Even though flow control components 112, 114 have been described and depicted with a particular design, those skilled in the art will recognize that the design of the flow control components will be determined based upon factors such as the desired flowrate, the desired pressure drop, the type and composition of the injection and production fluids and the like. For example, when the fluid flow resisting element within a flow control component is a vortex chamber, the relative size, number and approach angle of the inlets can be altered to direct fluids into the vortex chamber to increase or decrease the spiral effects, thereby increasing or decreasing the resistance to flow and providing a desired flow pattern in the vortex chamber. In addition, the vortex chamber can include flow vanes or other directional devices, such as grooves, ridges, waves or other surface shaping, to direct fluid flow within the chamber or to provide different or additional flow resistance. It should be noted by those skilled in the art that even though the vortex chambers can be cylindrical, as shown, flow control components of the present invention could have vortex chambers having alternate shapes including, but not limited to, right rectangular, oval, spherical, spheroid and the like. As such, it should be understood by those skilled in the art that the particular design and number of injection flow control components will be based upon the desired injection profile with the production flow control components contributing little to the overall injection flowrate while the particular design and number of production flow control components will be based upon the desired production profile with the injection flow control components contributing little to the overall production flowrate.

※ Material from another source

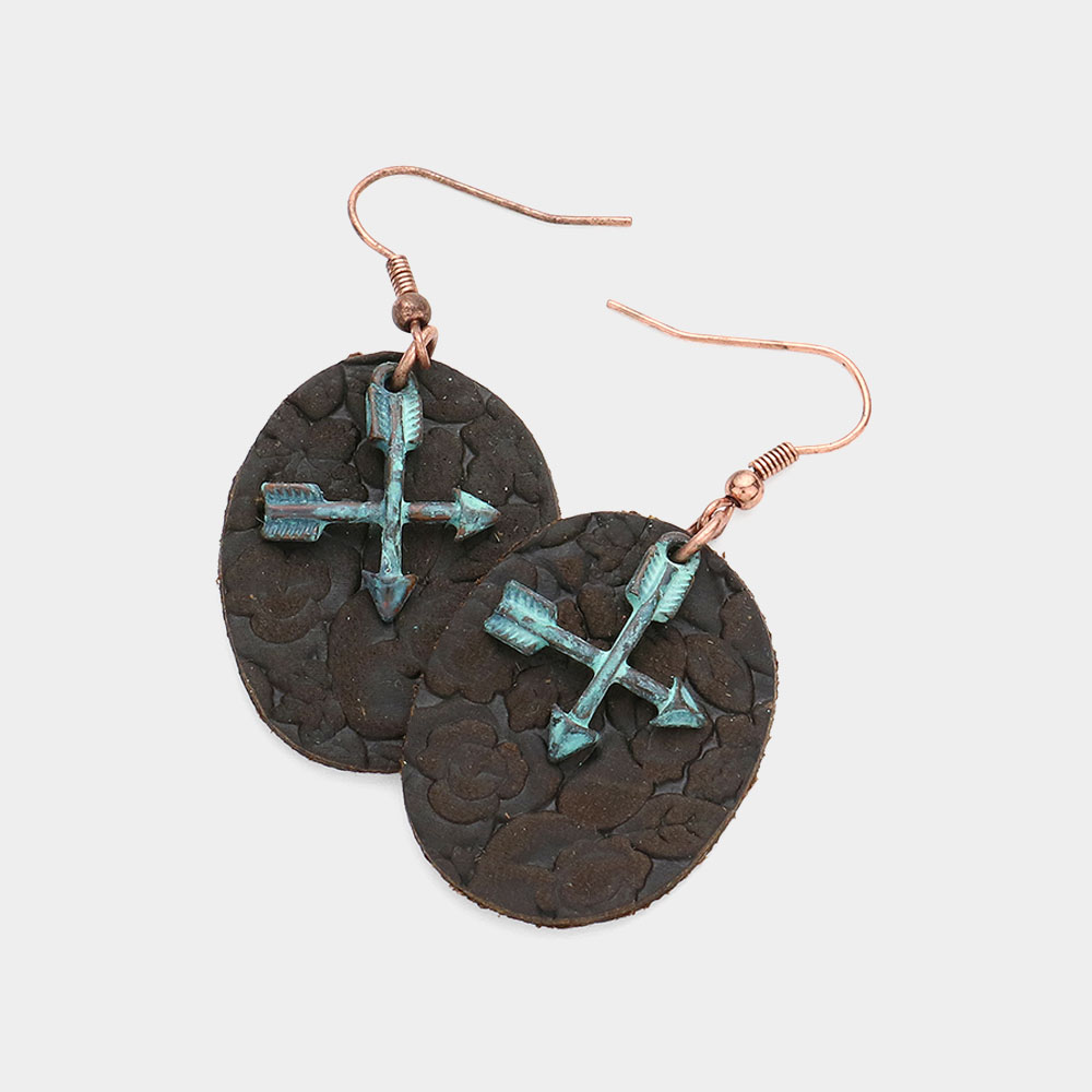 Oval Faux Leather Metal Arrow Dangle Earrings

As illustrated in FIGS. 3A-3B, use of flow control components 112, 114 enables both production fluid flow control and injection fluid flow control. In the illustrated examples, flow control component 114 provides a greater resistance to fluid flow than flow control component 112 during the injection phase of well operations while flow control component 112 provide a greater resistance to fluid flow than flow control component 114 during the production phase of well operations. Unlike complicated and expensive prior art systems that required one set of flow control components for production and another set flow control components for injection along with the associated check valves to prevent reverse flow, the present invention is able to achieve the desired flow and pressure regimes for both the production direction and the injection direction utilizing solid state flow control components operable for bidirectional flow with direction dependent flow resistance.

Even though flow control components 112, 114 have been described and depicted as having fluid diodes in the form of vortex diodes, it should be understood by those skilled in the art that flow control components of the present invention could have other types of fluid diodes that create direction dependent flow resistance. For example, as depicted in FIGS. 4A-4B, a fluid flow control system 130 has two opposing flow control components 132, 134 having fluid diodes in the form of scroll diodes that provide direction dependent flow resistance. In the illustrated embodiment, flow control component 132 is an injection flow control component and flow control component 134 is a production flow control component.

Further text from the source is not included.